I use main breaker feed thru panels. This would not be a sub panel. Any panel after the main disconnect is a sub panel.


----------



## TheRick (Apr 13, 2008)

electricista said:


> Not if it is a main panel. The grounded and grounding conductors are the same in a main panel. They are separated in a sub panel.


 
:no: Wrong answer...yes the Grounded and Grounding bars are BONDED, but they are not the same, and the conductors should all be terminated on the appropriate bar.

250.24 (A)(5) Load-Side Grounding Connections A grounded conductor shall not be connected to normally no-current carrying metal parts of equipment, to equipment grounding conductor(s), or be re-connected to ground on the load side of the service disconnecting means except as otherwise permitted in this article.

OR

200.2(B) Continuity. The continuity of a grounded conductor shall not depend on a connection to a mettalic enclosure, raceway, or cable armor.

:whistling2:


----------



## electricista (Jan 11, 2009)

TheRick said:


> :no: Wrong answer...yes the Grounded and Grounding bars are BONDED, but they are not the same, and the conductors should all be terminated on the appropriate bar.
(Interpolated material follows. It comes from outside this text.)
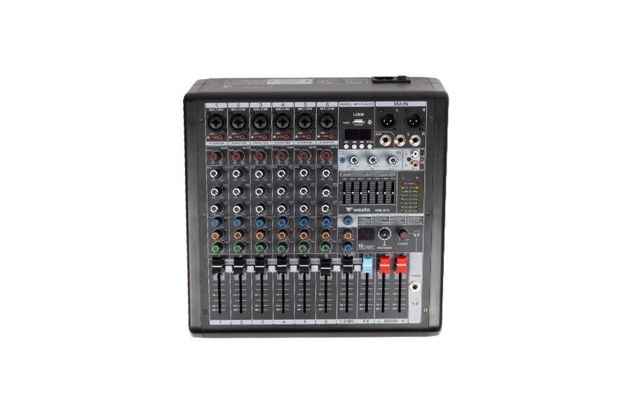 Westa WM-8FX 8 Kanal Deck Mixer USB, Bluetooth, Ekolu 8 Mono Mic / Line giriş, 2 Aux, 1 Return, 3 band EQ, 48V Phantom, Kulaklık Çıkışı, 7 Bant Grafik Ekolayzer Kulaklık Çıkışı, Kontrol Odası Çıkışı (Mix Operatör), 99 DSP Dijital Efekt, Güç: 100-240V - 50/60Hz Mic / Line İnput: 8 X Combo XLR Main Out: 2 X XLR Dişi
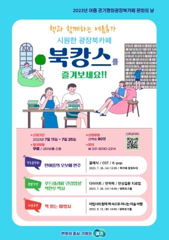 [한국뉴스타임=편집국] 폭우와 무더위로 힘들고 지친 여름, 경기도청 북부청사 경기평화광장 북카페에서 슬기로운 여름 보내기 ‘책(book)과 함께하는 휴가(vacance), 북캉스’를 진행한다.

You are correct in that those conductors are not the same but if you read my other post I believe you will see that is not what I meant. They are terminated on the same bar in the main panel and separated in the sub panel. 

The grounded and grounding conductors do not have to be terminated on separate bars. Your answer of should is your opinion not an NEC regulation.


----------



## TheRick (Apr 13, 2008)

electricista said:


> You are correct in that those conductors are not the same but if you read my other post I believe you will see that is not what I meant. They are terminated on the same bar in the main panel and separated in the sub panel.
> 
> The grounded and grounding conductors do not have to be terminated on separate bars. Your answer of should is your opinion not an NEC regulation.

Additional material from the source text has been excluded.